· News

UK salaries fall but vacancies remain high

The average salary for UK professionals on permanent contracts has fallen over the past year, even as vacancies rose in January.

Average permanent salaries fell 3% in the 12 months to January 2023, according to staffing industry software provider Bullhorn, which measured the changes in white-collar jobs for the Association of Professional Staffing Companies (APSCo).


The UK workforce:

Skills gap: UK needs one million migrants a year

Hiring freezes on horizon as UK economy set to shrink in 2023

Pandemic forces half a million more people out of workforce


Ann Swain, global CEO of APSCo, told HR magazine that while the data was focussed on professional sectors, it indicated a wider trend of tightening budgets.

She said: “Any decline in average permanent salaries suggests budgets are tightening in the highly skilled labour market. 

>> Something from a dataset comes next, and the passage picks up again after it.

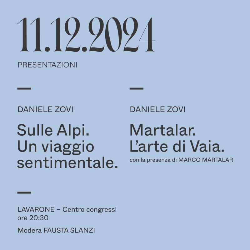 Presentazione del libro "Sulle Alpi, un viaggio sentimentale" e del catalogo "Martalar. L'arte di Vaia" con Daniele Zovi e Marco Martalar.

“This presents a real challenge on a longer-term basis given that the UK is already struggling to attract the talent it needs to strengthen its reputation in fields such as technology and the sciences."

Despite the fall in salaries, APSCo data indicated a buoyant hiring market, with vacancies for permanent jobs up 2% on the previous quarter, and contract work rising by 3%.

The APSCo data has been backed up by economy-wide figures from the Recruitment and Employment Confederation, which announced yesterday (8 February) growth in vacancies had accelerated for the first time in nine months in January.

REC chief executive Neil Carberry said: “January’s recruitment activity suggests that speculation about a shallower economic downturn may be justified.”

He added that while permanent placements dropped for the fourth straight month, the pace of contraction has slowed and temporary billings growth had accelerated again.

The rise in vacancies, he said, was cause for optimism: “While this will reflect activity that may have been delayed from the autumn, it is another sign of firms feeling confident to hire, even if they are leaning more to temporary hiring than normal in this uncertain environment. 

“That is the power of our temporary work market – it gives us a way to ensure firms can grow and people can build their careers even when the picture is uncertain.”

Swain said: “The recruitment market is always a bellwether for the economy, thus we would expect to see a downturn preceded by a fall in permanent vacancies and a rise in flexible working

“However, the data is currently showing that permanent hiring is still stable, which points to two key trends. First, the economy isn’t perhaps struggling as much as predictions towards the end of 2022 suggested. 

More importantly, she added, it showed that the hiring market is still extremely competitive in the UK.

She said: “We have to be mindful of the fact that the sheer scale of recruitment activity we saw last year was bound to slow at some point, and while there have been some signs from the likes of the ONS that hiring levels are dropping, the numbers themselves are still much higher than the UK is used to.”